The second little moment was when both me and hippy realised just how excited newt will be when we tell her the news. A new baby and playmate all in one. She will talk about it to everyone she meets and I know she will expect to be there when the baby is ready to be born (she was most put out that she couldn't be there when either of our good friends had babies recently...she genuinely couldn't get why she couldn't go to see it!).
Things are so different this time. She is so much older yet despite the almost identical age differences Mancub seems so much younger than she did when we began this journey last time.

Now for the next challenge - keeping it secret for two weeks...should be interesting!

Monday 10 December 2012

Day one. A surprise.

After a small collection of little things that happen when I'm either overdue my period or pregnant happened today I purchased a pack of two tests whilst out and about on our travels.
It was the same shop I purchased the test from that told me the last big surprise we had, that I was pregnant with my son. It might well have even been the same shop assistant who put it through the till into a little bag for me so no one might see it, all whilst expertly avoiding eye contact and seeming like it was all very normal and not a massively life changing purchase at all.
I thought it was all cool and unfussy and that I would probably wait until this evening or maybe even tomorrow to open it, if needed. When this has happened before sometimes purchasing the test is enough to make that late period turn up.
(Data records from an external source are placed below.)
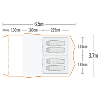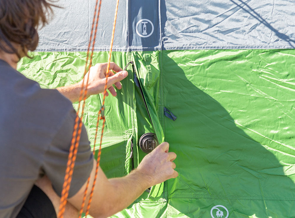 - Side entrance J-shaped doors with an adjustable toggle system for secure roll-up, plus large D-shaped mesh doors for ventilation and bug protection. A full-width 360° front door further enhances outdoor flow and easy access, giving you flexible entry and excellent airflow throughout the shelter.
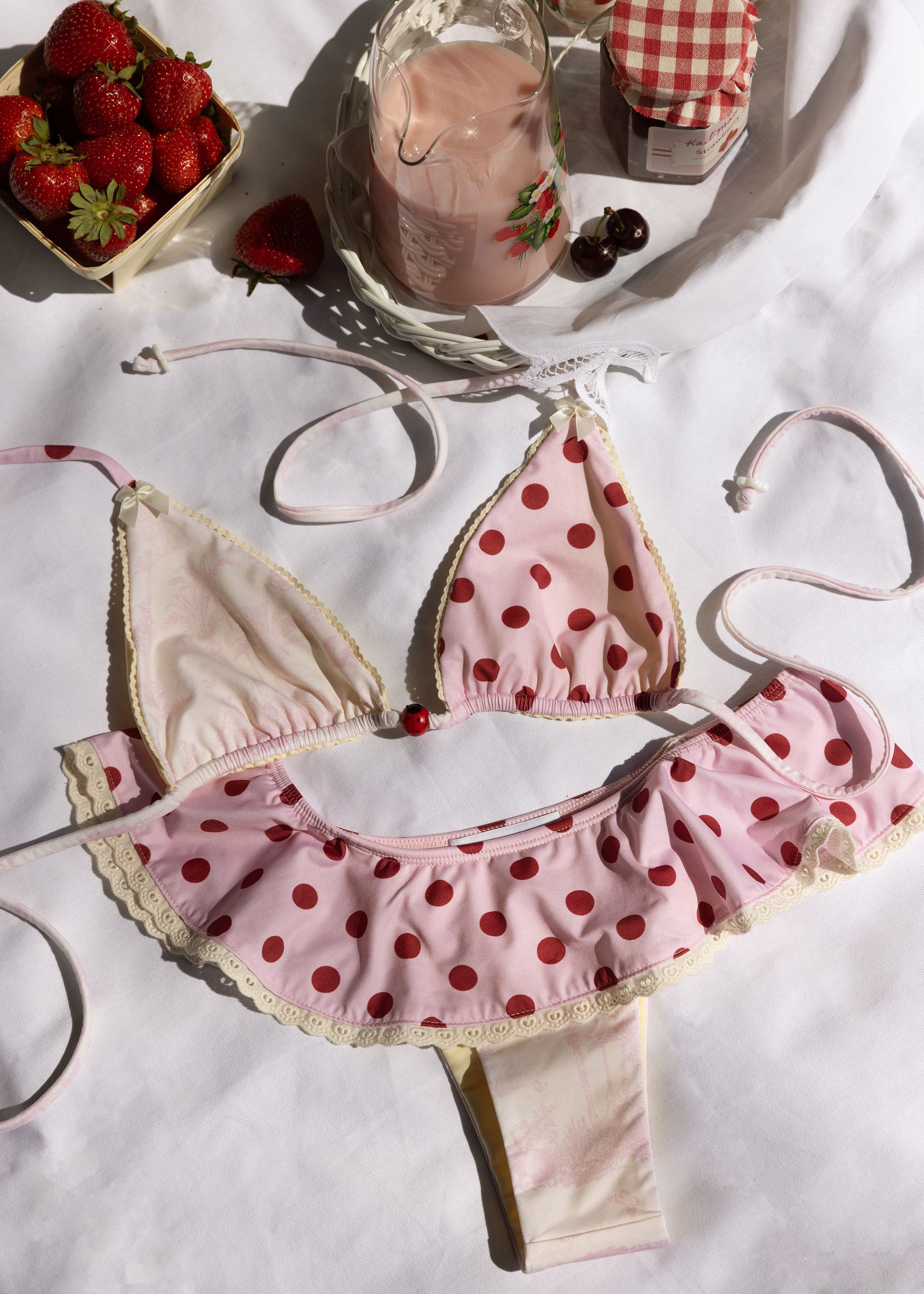 Cute as a bug! Lady is an ultra-flattering bikini top with a mismatched pairing of classic polkadot and our signature summer toile: featuring bunnies, butterflies, and bows. Designed for an ultimate lifting effect, her halter-style ties wrap at the neck and back to sculpt and support, finished with dainty loop trim and tiny bows. Each tie is tipped with a delicate, hand-blown glass daisy bead.
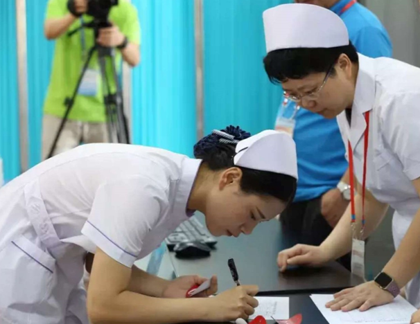 本次大赛由各省、自治区、直辖市经预赛选拔的优秀选手组成代表队,每名选手首先在健康评估室书面完成临床护理案例分析,然后进入操作室根据患者病情及医嘱要求,先后完成右踝扭伤固定包扎、徒手心肺复苏、静脉留置针输液、气道切开护理四项护理技能操作,主要考核选手护理思维判断、分析问题、解决问题的能力,检测选手急救护理技能操作水平及人文职业素养。
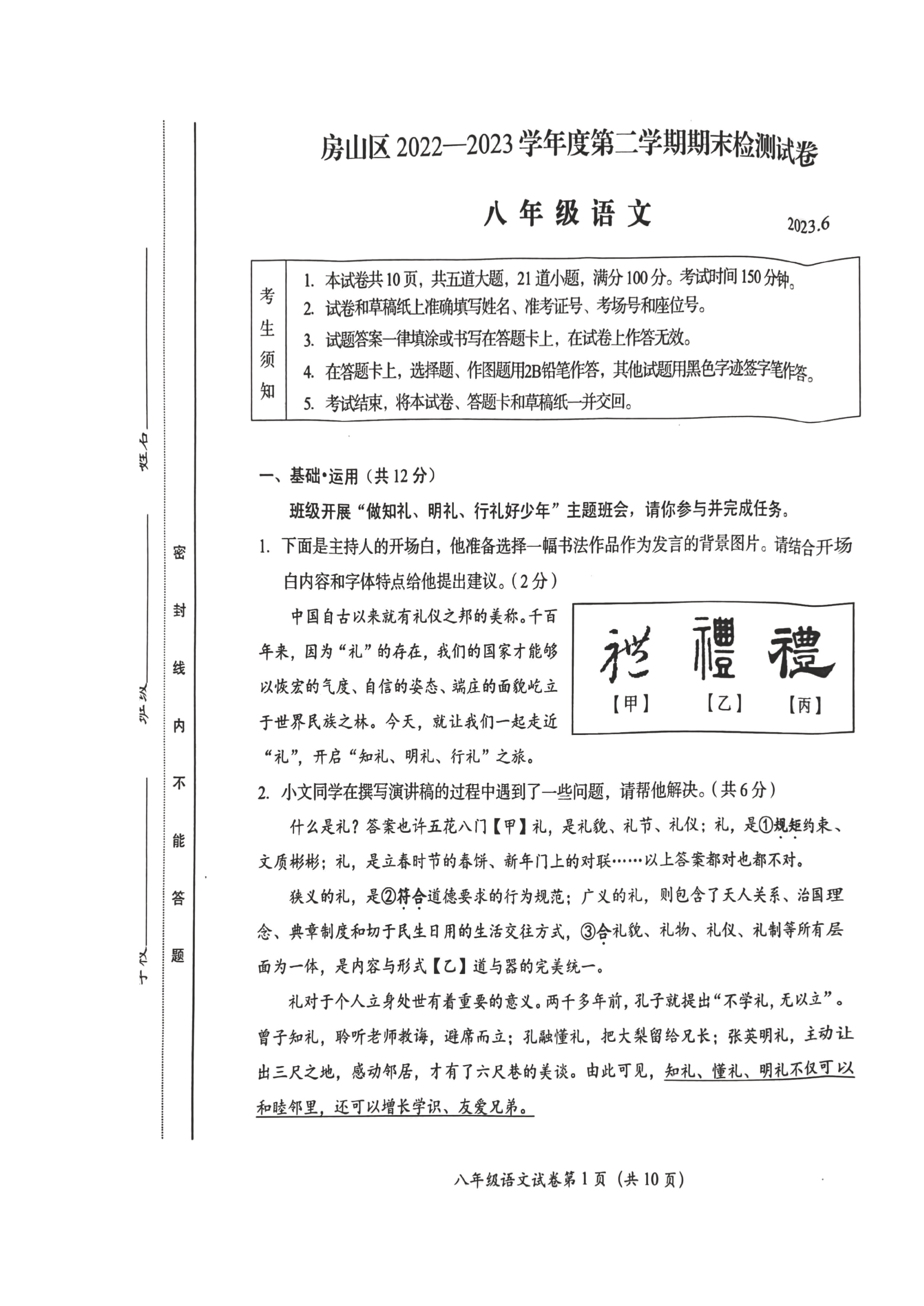 2023北京房山区初二(下)期末语文试题及答案

A bit embarrassed at its tardiness but there all the same.
Imagine my surprise when in fact the first chance I got I dashed into the toilet to get it out the way. I think I just didn't want my already mushy mind space getting any more clogged up with the 'am I - aren't I' rollercoaster of emotions that follows a late period.
Then there it was. The red line in the square window! Woah. Wasn't expecting that. I hadn't taken the test to find out I was pregnant I took it to confirm that I wasn't.
Shock and surprise..(.and the heavy tiredness!) set in and stayed until later that day when I retook the test just in case. Nope. It changed even faster than before this time. Wow. Baby number three it is then.